3)  Use aperture priority mode.  To use this, you set the mode dial to Av (Av = Aperture value).  In this mode, YOU pick the aperture (or f-stop value) that you want the camera to use and the camera will automatically set everything else in order to get you that shot.  This assumes you left the ISO set to 'Auto' and didn't pick a specific ISO.  If you did pick a specific ISO then the camera wont change the ISO ... it will only change the shutter speed to create a balanced exposure.

4)  Shoot in manual mode.  I wont explain this here, but in manual mode, YOU set everything.  You have full control over the exposure.  The camera will offer you advice in that the light meter displayed when you look through the viewfinder has an arrow on a scale which ranges from -3 to +3.  As you change settings, the arrow will slide left or right.  When the arrow is centered, the camera thinks you picked a good exposure.  Note that if the settings are more than 3 stops off what the camera believes is a good exposure then the arrow wont start moving until you get close.

You really should at least *learn* about shooting in manual, even if you choose not to use it.  That's because the knowledge necessary to shoot in manual will give you a strong grounding in how exposure works and you'll be a better photographer for knowing that.  As you approach a shot, you'll know what's realistic.

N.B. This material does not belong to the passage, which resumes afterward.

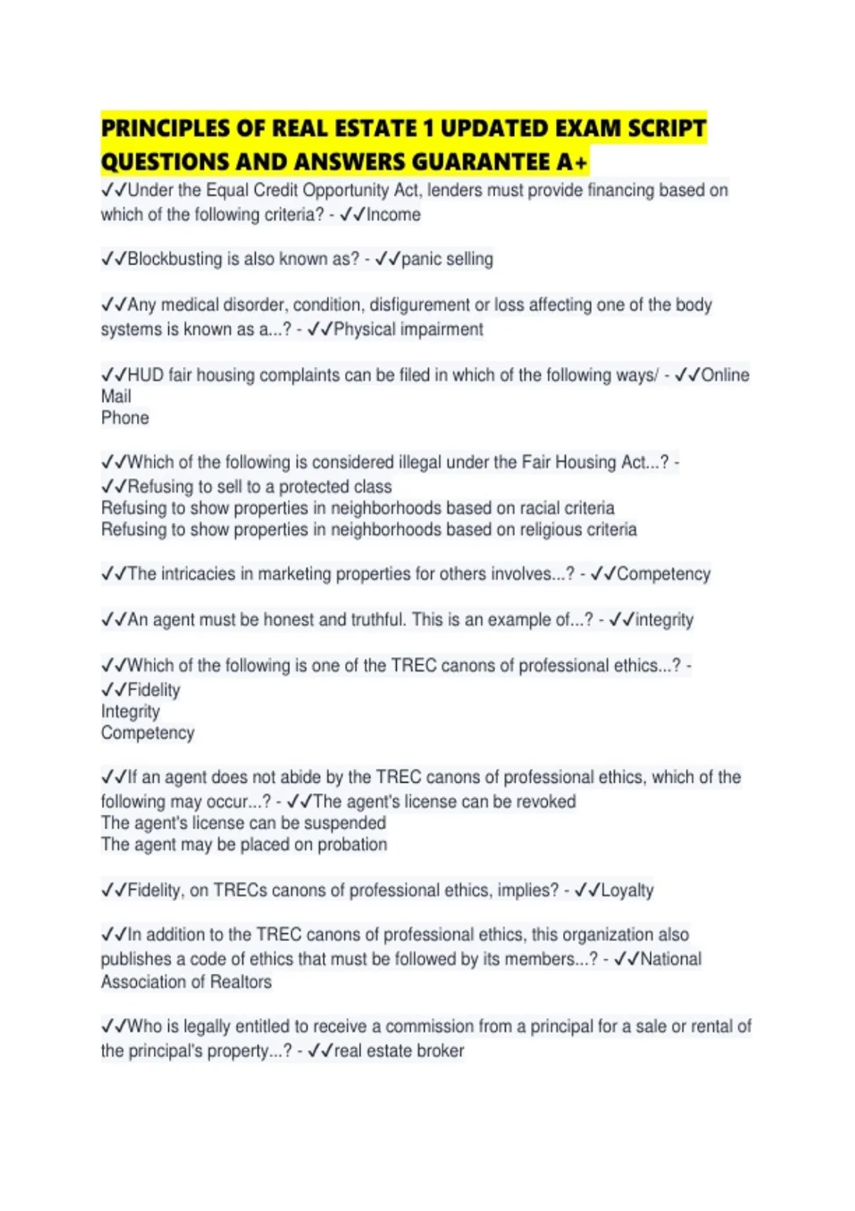 PRINCIPLES OF REAL ESTATE 1 UPDATED EXAM SCRIPT QUESTIONS AND ANSWERS GUARANTEE A+

I mentioned above that there was a caveat that I'd mention.  This is it:

When you make the aperture (the clear opening in your lens through which the light must pass in order to take a picture) smaller, you limit the amount of light that can be delivered to the sensor.  This is much the same as filling a glass with water, but closing the tap on your sink so that the water flows at a trickle... it'll take a LOT longer to fill the glass when the water is hardly flowing.

That means if you dial the camera to a higher f-stop value (higher values actually represent SMALLER openings -- I know that seems counter-intuitive but the f-value represents the number of times that you can divide the diameter of the clear opening into the focal length of the lens) the camera needs to compensate for this reduced light somehow.  It does this in two ways... it can increase the duration of time in which the shutter remains open, or it can increase the sensitivity of the camera sensor (increase the ISO setting).  There are limits to how far it can adjust the ISO sensitivity... but there are practically no limits on how long it can increase the duration that the shutter remains open (there are, but the limits are so long that there may as well not be any limits).

But here's where I'm going with this:  There's a point where the shutter speed is so slow that it's no longer possible to hand-hold the camera when you take the shot.  No matter how still you attempt to stand, you'll move... just a tiny bit, but you will.  And that movement (camera shake) will cause the image to be blurry... not because it was out of focus, but because the camera moved while the shutter was open.  You could put the camera on a tripod so that it wont move... and if your subject is ALSO not moving, then you can take a photo as long as you want.  If you are photographing a moving subject, you're now constrained by the fact the subject is moving so they will appear blurred with motion.  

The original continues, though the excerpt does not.